## TASK:
Write out exactly the lines below starting at the one containing "Texas Longhorns –" and ending at the one containing "6. 然后在ESXI后臺,數據存儲中的虛擬磁盤已經回來了。". Omit every picture.

─── RECORDS SUPPLIED

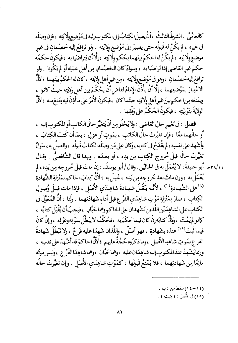 فصل: فى تَغْييرِ حالِ القاضى: ولا يَخْلُو مِن أنْ يَتغيَّرَ حالُ الكاتبِ أو المكتوبِ إليه، أو حالُهما معًا، فإن تغيَّرتْ حالُ الكاتبِ، بمَوتٍ أو عزلٍ، بعدَ أَن كَتبَ الكِتابَ، وأشْهدَ على نفسِه، لم يقْدَحْ فى كتابِه، وكان على مَن وصَلَه الكتابُ قَبولُه، والعملُ به، سَواءٌ تغيَّرتْ حالُه قبلَ خُروجِ الكِتابِ مِن يَدِه، أو بعدَه. وبهذا قال الشَّافعىُّ. وقال أبو حنيفةَ: لا يُعْمَلُ به فى الحاليْن. وقال أبو يوسفَ: إنْ ماتَ قبلَ خُروجِه مِن يَدِه، لم يُعْمَلْ به، وإن ماتَ بعدَ خُروجِه مِن يَدِه، عُمِلَ به؛ لأنَّ كِتابَ الحاكمِ بمَنْزلةِ الشَّهادةِ [على الشَّهادةِ] (١٤)؛ لأنَّه يَنْقُلُ شهادةَ شاهِدَىِ الأصْلِ، فإذا ماتَ قبلَ وُصولِ الكِتابِ، صارَ بمَنْزلةِ مَوْتِ شاهِدَىِ الفَرْعِ قبلَ أداءِ شَهادَتِهما. ولَنا، أنَّ المُعَوَّلَ فى الكتابِ على الشاهِدَيْن اللَّذين يَشْهدان على الحاكمِ وهما حَيَّانِ، فيجِبُ أن يُقْبَلَ كتابُه، كما لو لم يَمُتْ، ولأنَّ كتابَه إنْ كان فيما حَكَمَ به، فحُكْمُه لا يبْطُلُ بمَوْتِه وعَزْلِه، وإنْ كانَ فيما ثَبتَ (١٥) عندَه بشَهادةٍ، فهو أصْلٌ، واللَّذان شَهِدَا عليه فرْعٌ، ولا تَبْطُلُ شَهادةُ الفرعِ بمَوتِ شاهدِ الأصلِ، وما ذكرُوه حُجَّةٌ عليهم؛ لأنَّ الحاكمَ قد أشْهدَ على نفسِه، وإنما يَشْهدُ عندَ المكتوبِ إليه شاهِدَان عليه، وهما حَيَّان، وهما شاهِدَا الفَرْعِ، وليس موتُه مانِعًا مِن شَهادتِهما، فلا يَمْنَعُ قَبولَها، كمَوْتِ شاهِدَىِ الأصْلِ. وإن تغيَّرتْ حالُه
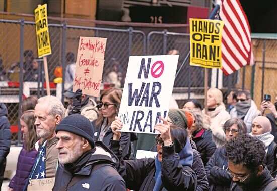2月28日,民众在美国纽约举行集会游行,抗议美国和以色列军事打击伊朗。
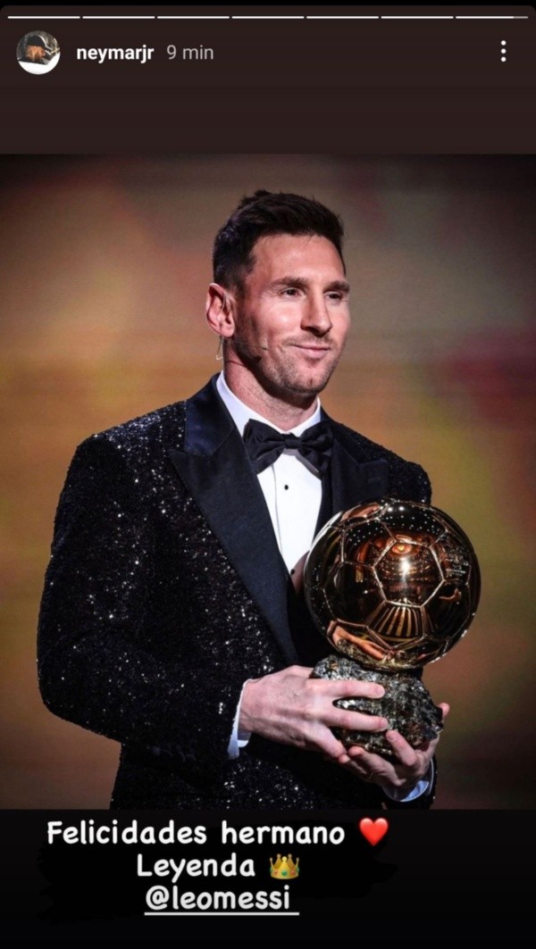 Mientras se recupera de un esguince de tobillo con lesión ligamentaria, Neymar aprovechó su cuenta de Instagram para felicitar a su compañero en PSG: “Felicidades, hermano. Leyenda“. Fueron las palabras que utilizó el brasileño a la distancia, acompañadas de emojis de un corazón y una corona.
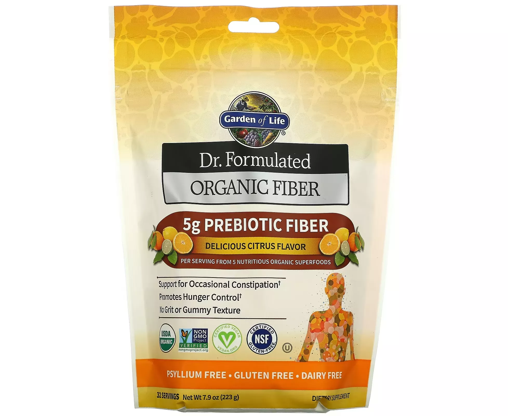 Prebiotic fiber from natural, organic, non-GMO whole foods helps curb appetite, promotes the growth of healthy probiotics in the digestive tract, supports healthy digestion, and eliminates occasional constipation.
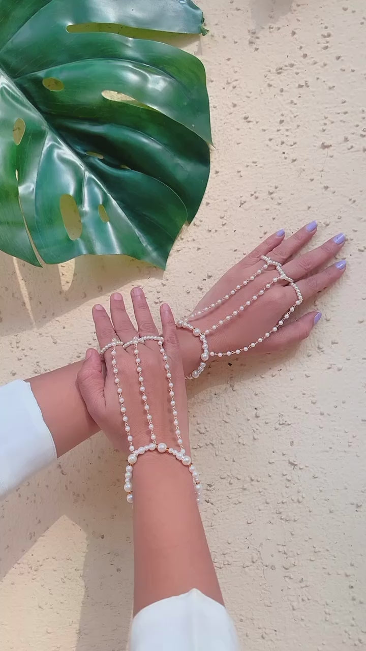 This haathpanja is intricately crafted in 18K gold plating. It's embellished with pearls.This captivating indian jewellery bracelet is a great gifting option and is a perfect pick to add to your jewelry collection. You can style it with ethnic or western clothing.
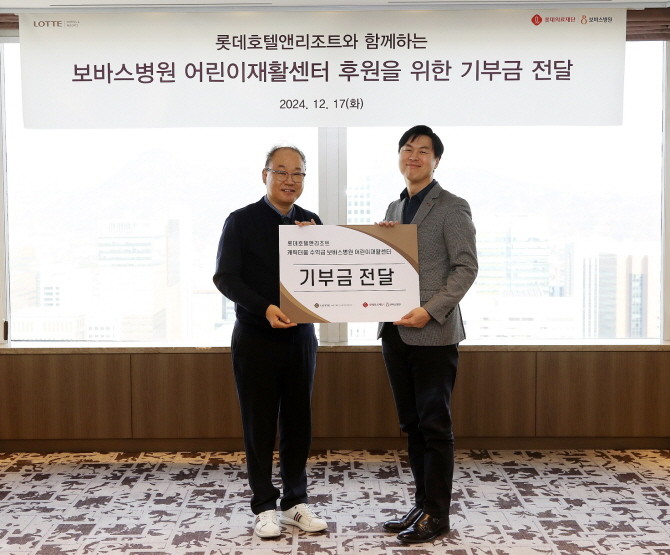 롯데호텔앤리조트 관계자는 "꾸준한 재활치료가 필요한 어린 아이들이 대기자가 많아 이곳 저곳 병원을 옮겨 다니며 치료를 받는 안타까운 상황이 빈번히 일어나고 있다"며 "보바스재활센터와의 좋은 인연을 시작으로 보다 나은 의료서비스 환경 조성에 보탬이 될 수 있도록 지원을 이어가겠다"고 전했다.
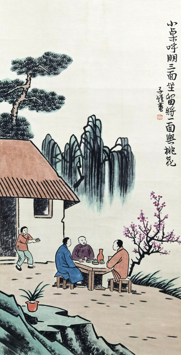 丰子恺(1898-1975),号缘缘堂,中国现代著名的书画家、文学家、翻译家、美术音乐教育理论家,被称之为“中国现代漫画鼻祖”。师从弘一法师,具有全面艺术修养的人物,造诣颇深,成就斐然,称得上真正的大师。中国美协常务理事、上海分会主席、上海文联副主席、上海中国画院首任院长、全国政协委员。
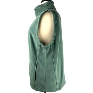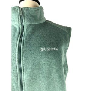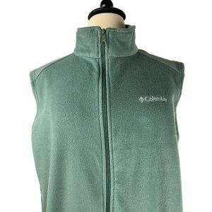 Stay warm and stylish with the Columbia Green Fleece Vest for women in size X-Large. This collared, full-zip vest features side pockets and is crafted from comfortable polyester in a solid green color.
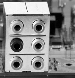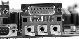 Рис. 5.19. Разъемы встроенной звуковой карты на внешней планке
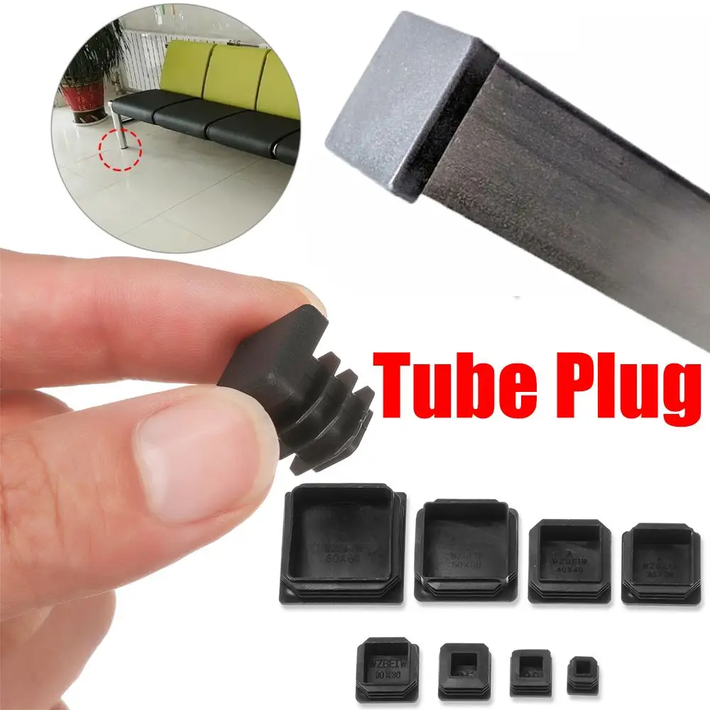 10pc Black Plastic Steel Square Pipe Plug Furniture Accessory Leg Plug Anti Slip Feet Protector Pad Plastic Square Tube Cap Plug
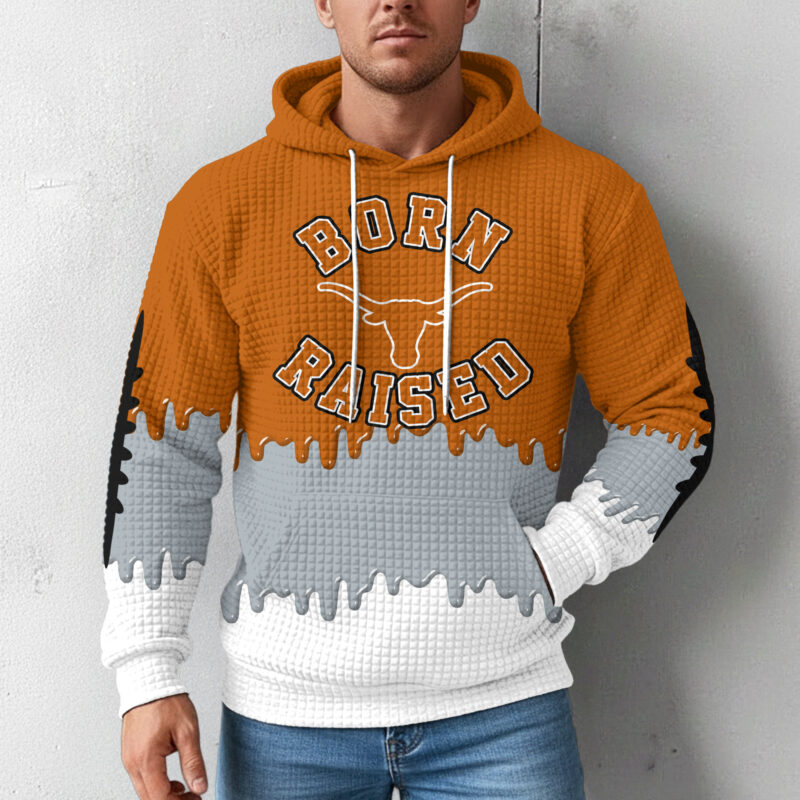 Texas Longhorns – Unisex Born and Raised Waffle Hoodie
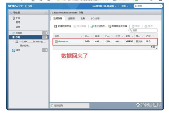 6. 然后在ESXI后臺,數據存儲中的虛擬磁盤已經回來了。
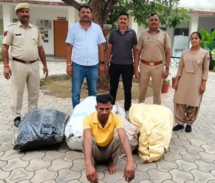 24 News Update उदयपुर। जिला पुलिस अधीक्षक योगेश गोयल के निर्देश पर अवैध मादक पदार्थों के खिलाफ चल रहे विशेष अभियान के तहत थाना टीडी पुलिस ने खेत में अवैध गांजे की खेती का भंडाफोड़ कर एक आरोपी को गिरफ्तार किया है। अतिरिक्त पुलिस अधीक्षक (मुख्यालय) गोपाल स्वरूप मेवाड़ा और वृताधिकारी (गिर्वा) सूर्यवीर सिंह के सुपरविजन में, थानाधिकारी देवेन्द्र सिंह के नेतृत्व में पुलिस टीम ने आसूचना के आधार पर कार्रवाई करते हुए पन्ना पुत्र माधु, निवासी पड़ूणा फला भदावत, थाना टीडी, जिला उदयपुर को उसके खेत में गांजा उगाने के आरोप में दबोच लिया। पुलिस ने मौके से कट्टों सहित 42.300 किलो गांजे की फसल जब्त की। आरोपी के खिलाफ प्रकरण संख्या 104/2025 धारा 8/20 एनडीपीएस एक्ट में मामला दर्ज कर अग्रिम अनुसंधान जारी है।
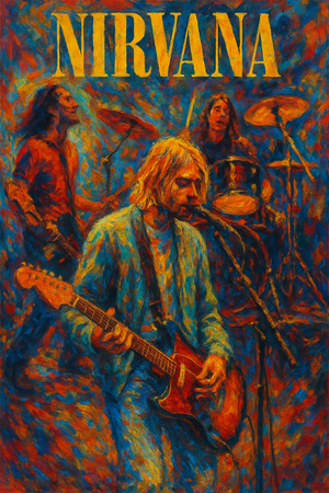 Capture the raw energy of Nirvana with this stunning A3-sized abstract art print, inspired by their legendary live performances. Featuring bold, expressive brushstrokes and vibrant colour work, this high-resolution 330 DPI piece pays homage to Kurt Cobain and the band’s iconic grunge legacy. Printed on premium quality stock, it’s the perfect centrepiece for any music lover’s space.
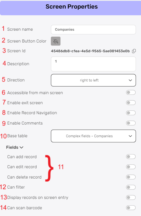 The “Accessible from Main Screen” option allows direct access to this screen from the main application screen. When enabled, the screen is accessible from the main application screen. - Enable exit screen
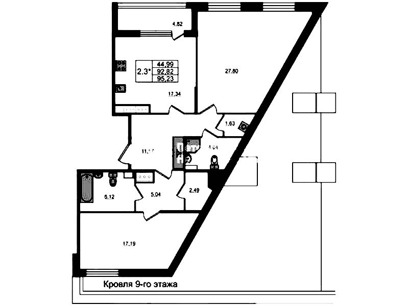 Двухкомнатная квартира на 10-ом этаже 91,1 кв.м

──────

## SOLUTION TO THE EXERCISE:
 Texas Longhorns – Unisex Born and Raised Waffle Hoodie
 6. 然后在ESXI后臺,數據存儲中的虛擬磁盤已經回來了。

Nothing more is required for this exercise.